For the Love of Friends
Page 6
“For a wedding?”
“You’ll look lovely in black,” she said, patting my arm. “It’ll be so flattering.” She looked down at my arm under her hand. “Something with sleeves, I think.”
I wondered if I could get away with slipping a laxative into her cocktail at the wedding.
But for now, Sharon was happy. And that was what mattered.
CHAPTER EIGHT
I felt so good about finding dresses for both Caryn and Sharon (and surviving my encounter with Mrs. Meyer) that I decided to treat myself to my favorite salad for dinner. I asked Becca if she wanted to meet me at the restaurant, but she was at happy hour with friends from work. I texted Megan next to see if she wanted to grab dinner, but she was at her soon-to-be in-laws’ house, so I called and ordered my salad to go. The fact that I would be dining alone was not lost on me after Mrs. Meyer’s questions. But could I celebrate my successes with a glass of wine and an extravagant twenty-eight-dollar salad that had a crab cake in it anyway? As a Marylander, that sounded divine.

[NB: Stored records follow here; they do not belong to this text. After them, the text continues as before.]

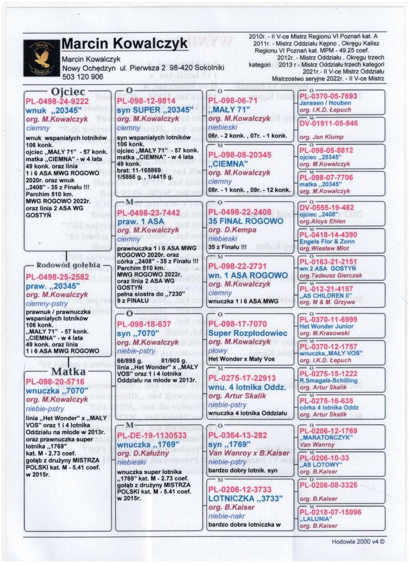 Oryginalny gołąb z hodowli Marcin Kowalczyk.# Szczegóły pochodzenia w rodowodzie. # Gołąb zaszczepiony przeciw Paramyxowirozie, Herpeswirus, Adenowirus , Ospa. # Więcej informacji pod nr tel. 503 120 906 # Możliwy transport 120 zł.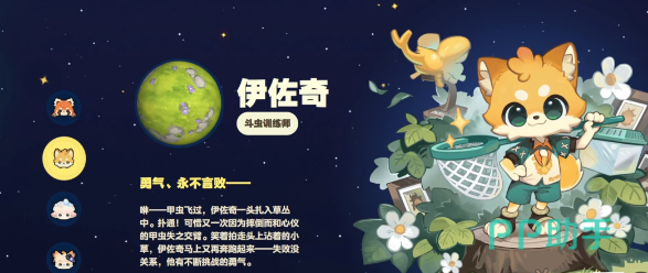 伊佐奇:这就是一个男性角色,如果从定位来看,那这就是一个斗虫训练师。性格是比较积极乐观的,一直都会拥有着冒险的精神,始终都会认为永不言弃才是成功的关键。在捕捉稀有甲虫这一方面,始终都拥有着大家不敢想象的热情。从外观来看是浅黄色的狐狸经常性都会穿着蓝绿色的运动装,整体来看就会有一种青春活力,所以不少的人还是很喜欢的。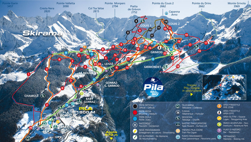Пила, помимо лыжных трасс и подъемников содержит типовые для большинства итальянских городов достопримечательности: археологический музей, остатки римской и средневековой архитектуры, кафедральный собор, пару замков.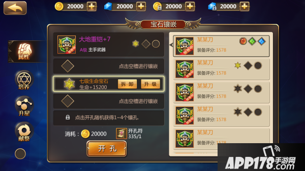 在镶嵌宝石之前,首先需要给装备开孔。开孔有可能出现圆形、方形或者六芒星形的。圆形宝石可以增加攻击力,方形宝石可以增加护甲或者魔抗,而六芒星宝石可以增加生命值。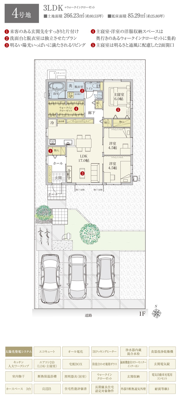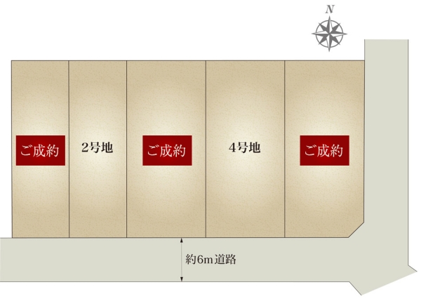 | 建物面積 | 104.66m2(2号地)、85.29m2(4号地) | 土地面積 | 192.64m2(2号地)、266.23m2(4号地) 全て私道負担なし |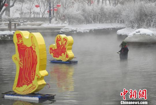 观花灯是春节娱乐项目之一。1月20日,工人们正在乌鲁木齐市水磨沟公园的水磨河中安装花灯,为市民春节观灯忙活着。马新龙 摄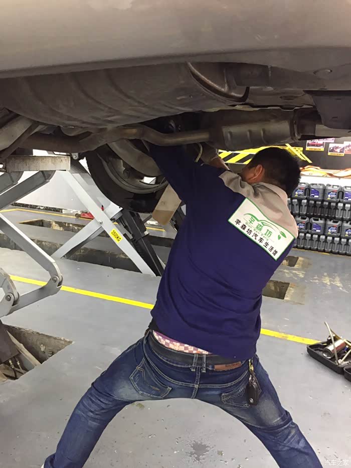 看来师傅很负责,还拿手给你顶着换变速箱油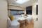 Contiguamente se muestra una cocina completa en su máximo esplendor, dotada de horno, vitrocerámica, nevera vertical y multitud de cajones “soft” y armarios para la estiba de alimento y menaje. No llama poderosamente la atención el suelo de toda la estancia que es la recreación de una estética “parket” oscuro muy elegante y que aquí escapa del tejido moqueta que impera y tapa dicho suelo en toda la acomodación.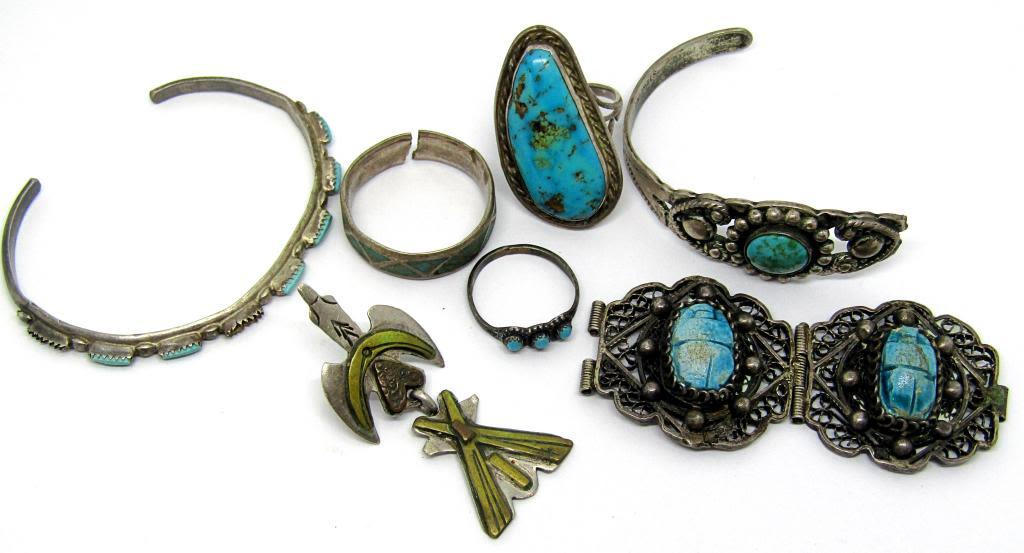 MANY NICE PIECES-LOADED WITH TURQUOISE-BROKEN/MISMATCHED PIECES TOTAL 35.1 DWT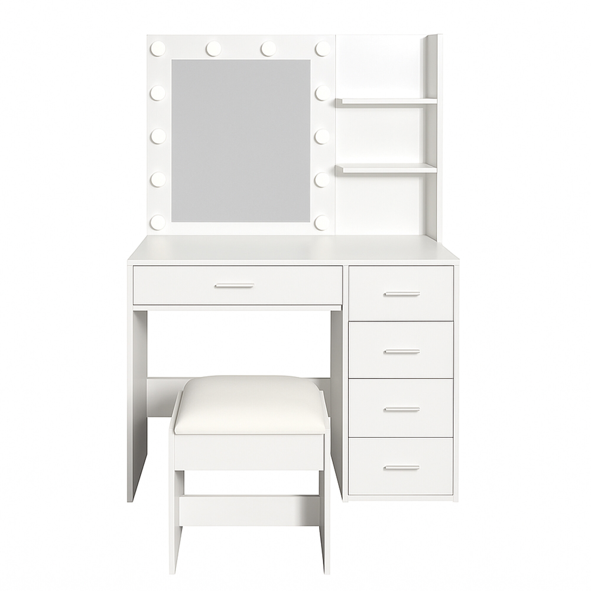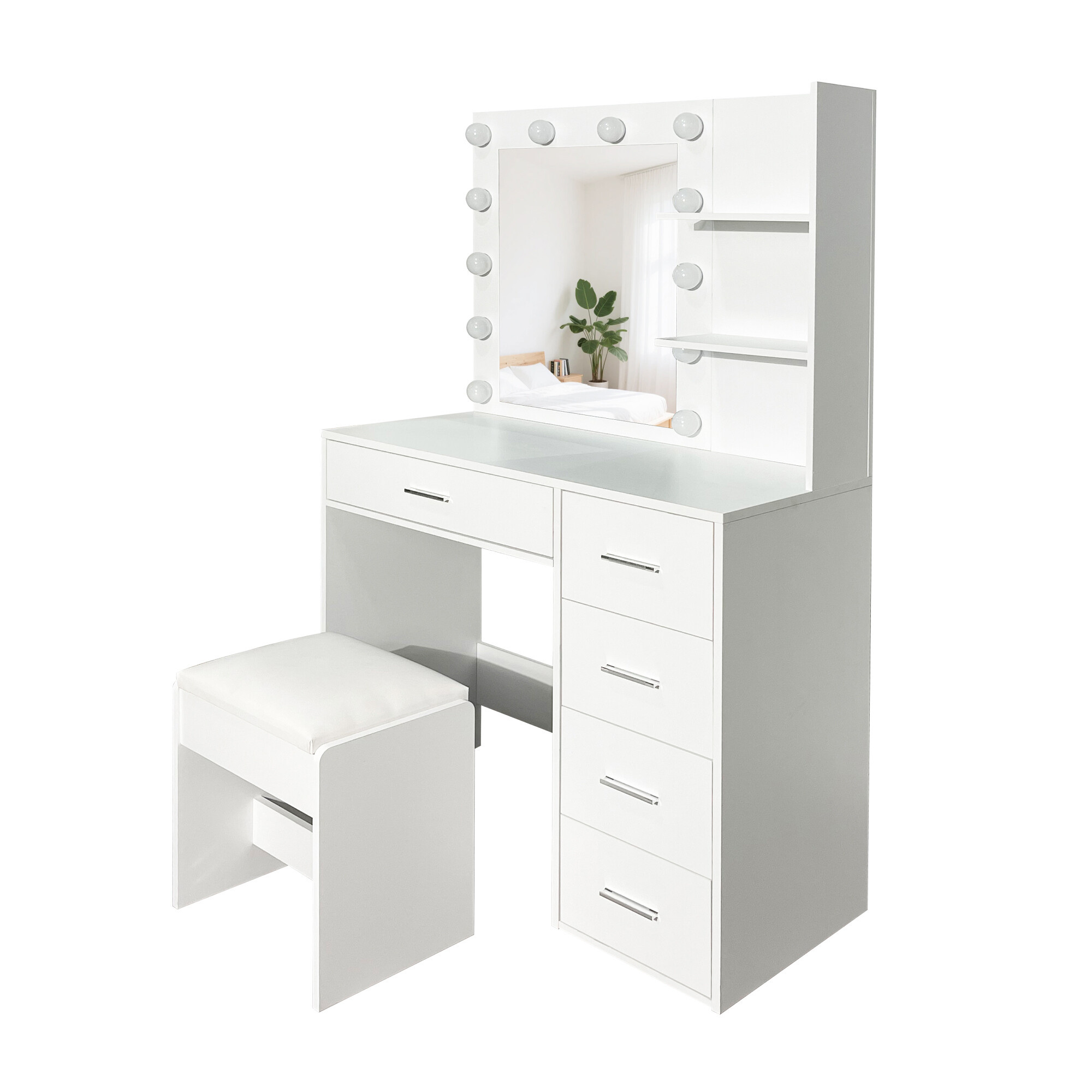 Doprajte si každodennú dávku luxusu s týmto moderným toaletným stolíkom so zrkadlom a LED osvetlením. Štýlový biely stolík v matnom prevedení sa stane nielen praktickým, ale aj estetickým doplnkom každej spálne či šatníka.

I got home, kicked off my shoes, poured my wine, pulled up my latest Netflix binge, and settled in to enjoy my overpriced salad. My phone dinged and I glanced down reflexively, then set my salad on the coffee table.
It was an email from my bank. The subject was Urgent: Overdraft.
Oh God, I thought. That card reader at the gas station must have had a skimmer on it.
I logged into my bank account, expecting to see that someone had bought a ninety-inch 4K TV and a Louis Vuitton purse and praying that their fraud division would be easy to deal with. Not how I wanted to spend my evening, I thought as the wheel spun. The page finally opened.
My mouth dropped open.
There were no weird purchases. My salad had sent my bank account twelve dollars into the red.
Meaning I had started the morning with sixteen dollars to my name.
Holy crap.
I knew my bank account was low from the auto deductions to the wedding account, but I didn’t realize how bad it had gotten. And I had never overdrafted before.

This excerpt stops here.